Les assurances n'ont pas suffi à rassurer le président du Conseil central des juifs d'Allemagne, Josef Schuster, qui a « déconseillé » en début de semaine le port de la kippa dans certaines circonstances à Berlin. Sa mise en garde a été suivie par la tenue dans la capitale d'une manifestation de 2000 personnes, de convictions religieuses variées, qui ont porté la kippa en signe de solidarité. Des manifestations de moindre importance sont survenues dans trois autres villes.

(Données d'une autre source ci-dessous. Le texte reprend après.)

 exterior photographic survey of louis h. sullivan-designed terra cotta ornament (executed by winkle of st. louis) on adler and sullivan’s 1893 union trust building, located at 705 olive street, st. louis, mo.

L'ANTISÉMITISME EST-IL EN HAUSSE ?

Un centre de recherche a révélé la semaine dernière que 947 incidents antisémites avaient été recensés dans la capitale allemande en 2017, en hausse de 60 % par rapport à l'année précédente. Le phénomène divise la classe politique allemande, qui peine à s'entendre sur ses causes. L'Alternative pour l'Allemagne (AfD), le parti d'extrême droite qui forme l'opposition officielle, blâme les centaines de milliers de réfugiés arrivés au pays depuis 2015 en évoquant « l'antisémitisme musulman ». Angela Merkel a prévenu qu'il y avait de l'antisémitisme venant « du monde arabe », mais qu'il y en avait aussi parmi les « citoyens allemands ». De fait, les données du ministère de l'Intérieur suggèrent que près de 90 % des actes antisémites recensés à l'échelle du pays sont imputables à l'extrême droite.

L'AFD EST-ELLE EN APPUI À LA COMMUNAUTÉ JUIVE ?

Les dirigeants de l'AfD maintiennent qu'ils soutiennent la lutte contre l'antisémitisme, mais cette affirmation apparaît peu crédible aux yeux des organisations juives d'Allemagne. Marcel Dirsus, un politologue rattaché à l'Université de Kiel, note en entrevue que la formation populiste tolère des déclarations antisémites de la part de certains de ses membres et compte dans ses rangs des élus révisionnistes issus du Parti national-démocrate d'Allemagne, une petite formation ultranationaliste. L'année dernière, un dirigeant de l'AfD a décrié l'existence d'un mémorial de l'Holocauste à Berlin et pressé le pays de cesser de s'excuser pour les crimes nazis. « L'AfD rend les gens dans la communauté juive très nerveux », relève M. Dirsus.

DES MESURES DIFFICILES À PRENDRE ?

M. Dirsus note que l'Allemagne aura des décisions « difficiles » à prendre pour tenter d'endiguer la montée de l'antisémitisme. Le gouvernement a récemment créé un poste de commissaire qui sera chargé d'élaborer la stratégie pour y parvenir. Le premier occupant du poste, Felix Klein, qui commence son mandat en mai, a indiqué à Deutsche Welle que son premier objectif serait d'établir un registre centralisé des incidents pour pouvoir mieux comprendre la situation. « Il y a toujours eu de l'antisémitisme en Allemagne, mais il est plus flagrant maintenant, plus agressif », a-t-il souligné. Tout en reconnaissant que l'existence de sentiments antisémites chez certains migrants était une source de préoccupation, il s'est dit surtout inquiet des « préjugés » qui existent « au coeur de la société » allemande.